## GIVEN RECORDS:
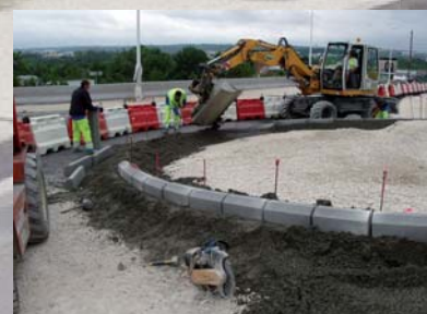
Pose de bordures préfabriquées
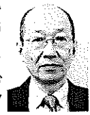
小田桐副署長 〔出身地〕 青森県 〔趣味〕 ゴルフ

〔メッセージ〕 藤沢税務署から異動してまいりました。どうぞよろしくお願いたしました。蒲田青色申告会の皆様方には、日頃から税務行政に対し、深い御理解と多大なる御支援を賜り、誠にありがとうございます。私どもとしましても、これまで同様でできる限りの協力をさせていただきますので、会の活動に関する課題など、何なりと御相談くださるようお願いいたします。
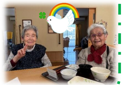
▲右が筆者。ひとつ年上の盟友と
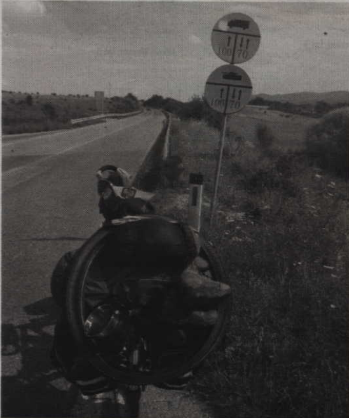
I ciekawostka z Kosowa: czolgi mogą jechać tylko do 100 km na godzinę

milej wspomina pobyt w Prisztinie, stolicy Kosowa.
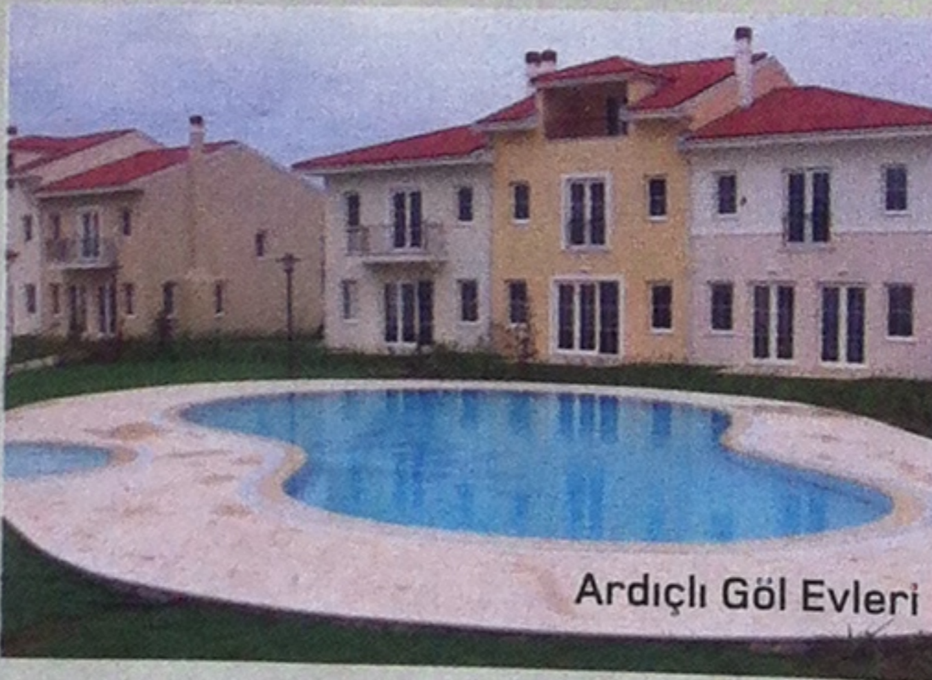
Ardıçlı Göl Evleri

## REQUIRED ACTION:
In the entries above, find every line holding the word "Kosowa" and copy it out.

## OUTPUT FOR THIS EXERCISE:
I ciekawostka z Kosowa: czolgi mogą jechać tylko do 100 km na godzinę
milej wspomina pobyt w Prisztinie, stolicy Kosowa.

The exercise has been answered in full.